Hardware Design and Platform Analysis

The Zotac ZBOX CI523 nano comes in a barebones configuration as well as PLUS configurations. The latter includes a single RAM stick (one slot left empty for future upgrade by the end user) and a SSD. We were sampled the barebones configuration.
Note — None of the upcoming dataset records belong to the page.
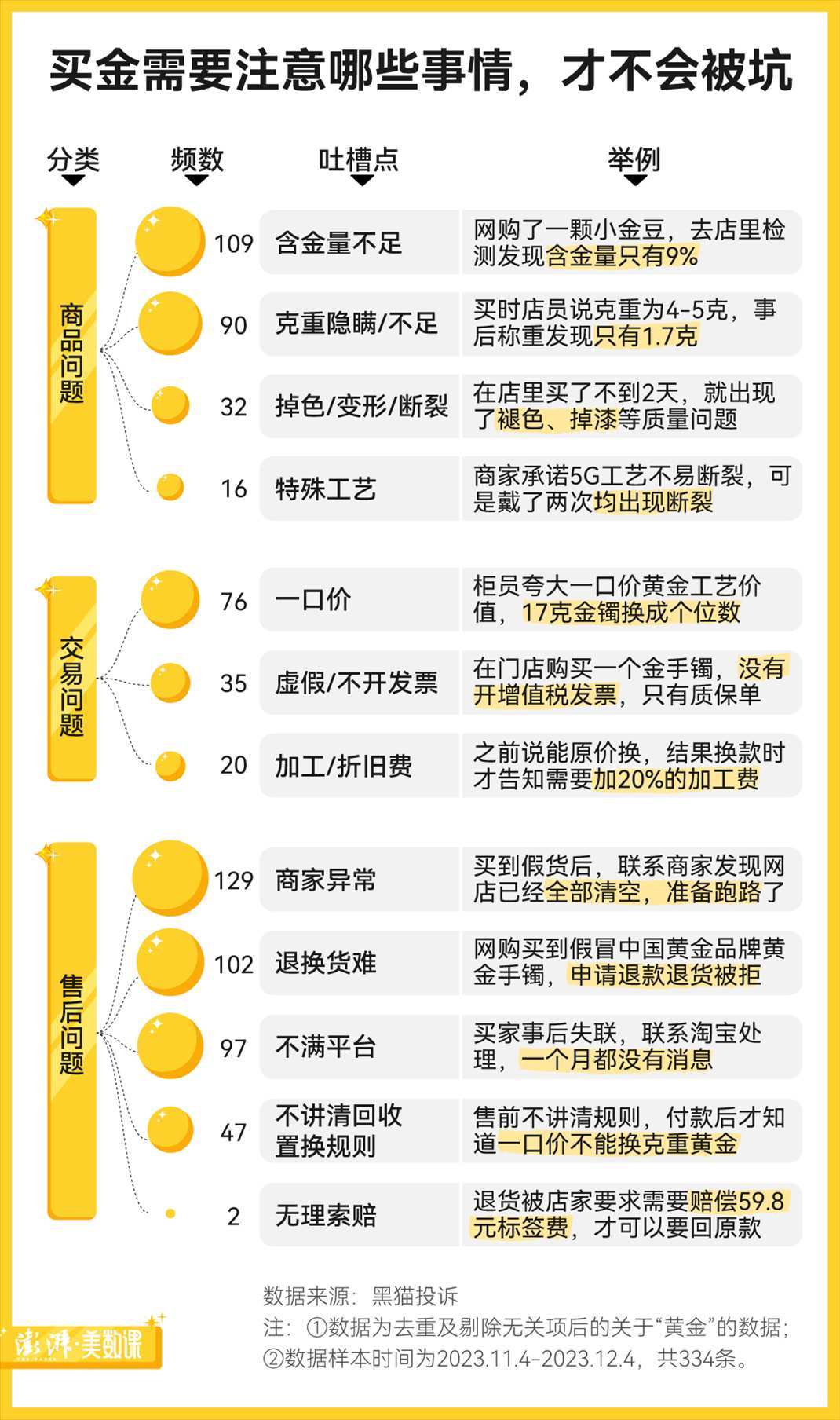 為了梳理出購買黃金中可能遇到的問題,澎湃新聞收集了2023年近一年來在黑貓投訴上的6000余條關(guān)于“黃金”的投訴數(shù)據(jù),發(fā)現(xiàn)含金量不足、克重不足等等,都是大家買金時較常遇到的商品問題。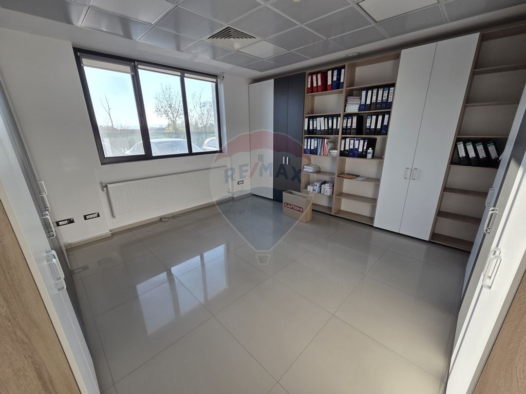 Va propunem la inchiriere spatiu de birouri de aproximpativ 220 mp compartimentat astfel: intrare intr-o camera sptioasa open space, trei birouri, bucatarie, baie si camera tehnica. Hala are 400 mp cu o latime de 10 m si 6-7 m inaltime. Terenul total este de aproximativ 1100 mp. Pentru informatii suplimentare va rugam sa ne contactati.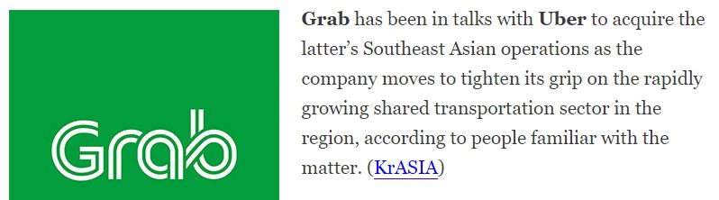 传言Grab正在洽谈收购Uber在东南亚的运营事宜!
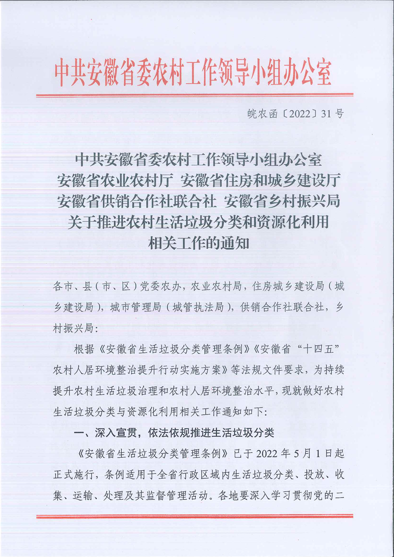 省委农办省农业农村厅省住建厅省供销社省乡村振兴局关于推进农村生活垃圾分类和资源化利用相关工作的通知
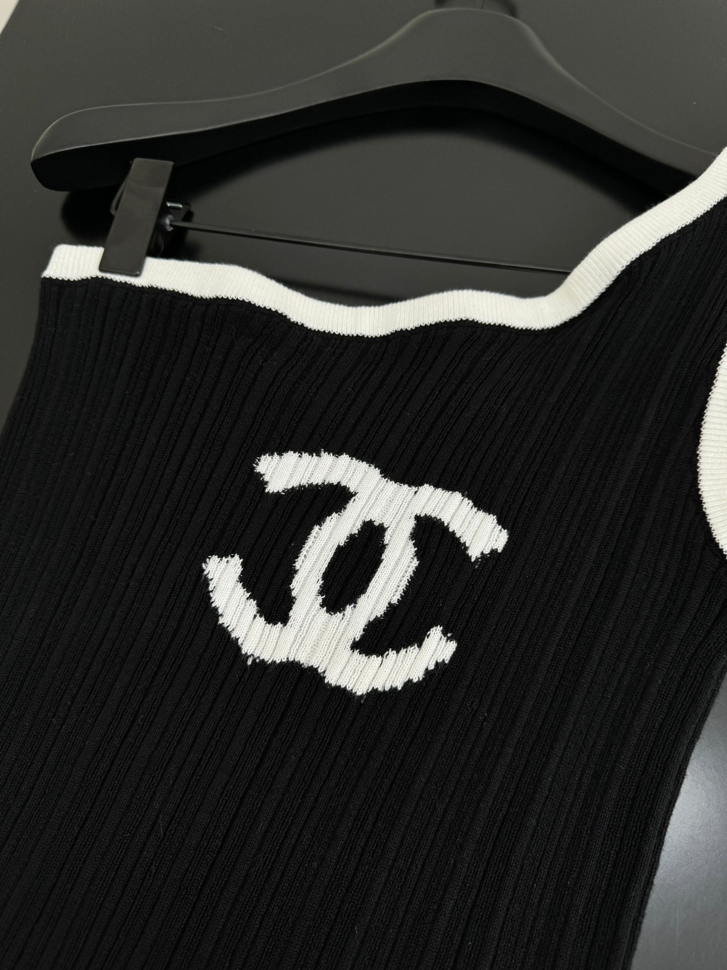 Custom-woven and dyed knitted craftsmanship Decorated with brand logo embroidery Off-shoulder design to modify the neck Contrast color ribbed trim Elastic version Thin summer item ❕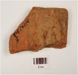 | Description / विवरण | A fragment of hand made rectangular decorated brick has incised vertical strokes within horizontal bands and floral design. |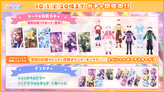 「すとぷり×サンリオキャラクターズ 一夜限りのマジカルライブ カード&衣装ガチャ」を開催!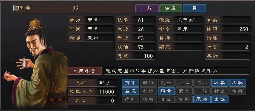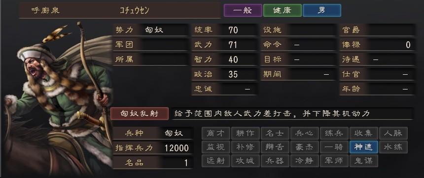 评价:指挥点数少1点,伤害指数中等,范围也少一些,武将武力不高,但是其兵种是匈奴(弓骑兵),速度与重骑兵一致,加上他会神速技能,战法减敌人速度,特别适合打跑打法。还有指挥点数6点与7点有个天渊之别:就是可以攒够满点12点再去一波连用两回再跑,北方势力如袁绍、公孙瓒等容易登用到此人。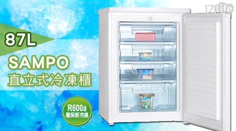 只要8,149元(含運)即可享有【SAMPO聲寶】原價9,900元87L直立式冷凍櫃(SRF-90S)1台(不含安裝),享1年保固。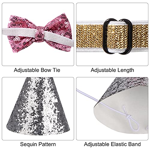 Specification: Haustier Geburtstag Hut Hund Katze Partyhüte mit Fliege Pailletten Verstellbarem Headwear Kostüm für Katzen Hunde 2 Stück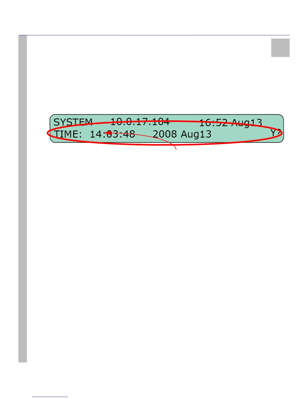 Selecting Y? for yes will default the system; selecting N? for no will leave system settings as they are. Either of the Up and Down buttons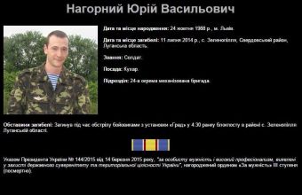 «Львів прощається з Героєм Юрієм Нагорним (24.10.1988-11.07.2014). Юрій служив у 24-тій механізованій бригаді і загинув під Зеленопіллям. Весь цей час тривала ДНК-експертиза на встановлення особи», – повідомили сьогодні, 26 листопада, «Щоденному Львову» в прес-службі міської ради, де також поінформували:

In order to complete the build, we used Corsair's Vengeance DDR3L 2133 MHz 2x 8GB kit and a 500GB Crucial MX200 SSD.

The specifications of our review configuration are presented in the table below.

Zotac ZBOX CI523 nano Specifications
Processor Intel Core i3-6100U
Skylake, 2C/4T, 2.3 GHz, 14nm, 3MB L2, 15W TDP
Memory Corsair Vengeance CMSX16GX3M2B2133C11
9-9-9-28 @ DDR3L-1600 
2x8 GB
Graphics Intel HD Graphics 520
Disk Drive(s) Crucial MX200 CT500MX200SSD1
(500 GB; 2.5in SATA 6Gb/s; 16nm; MLC)
Networking Intel Dual Band Wireless-AC 3165
(1x1 802.11ac - 433 Mbps)
Realtek RTL8168/8111 PCIe Gigabit Ethernet Adapter
Audio 3.5mm Headphone and Microphone Jacks (Realtek ALC892)
Capable of 5.1/7.1 digital output with HD audio bitstreaming (HDMI)
Display 1x DP 1.2 (3840x2160 @ 60 Hz)
1x HDMI 1.4b (4096x2160 @ 24Hz)
Miscellaneous I/O Ports 2x USB 3.1 Gen 2 Type-C
2x USB 3.0 Type-A
2x USB 2.0 Type-A
1x SDXC Slot
Operating System Retail unit is barebones, but we installed Windows 10 Pro x64
Pricing (As configured) $320 ($640)
Full Specifications Zotac ZBOX CI523 nano Specifications

The kit doesn't come with any OS, but we installed Windows 10 Pro x64 for our benchmarking purposes. The package does include a CD as well as a read-only USB key with the Windows 10 drivers. Other than the main unit, we also have a 65W (19V @ 3.42A) DC adapter, a user manual and a quick start guide, metal tabs and screws for VESA mounting, a thermal pad for the 2.5" drive and a dual-band Wi-Fi dipole antenna.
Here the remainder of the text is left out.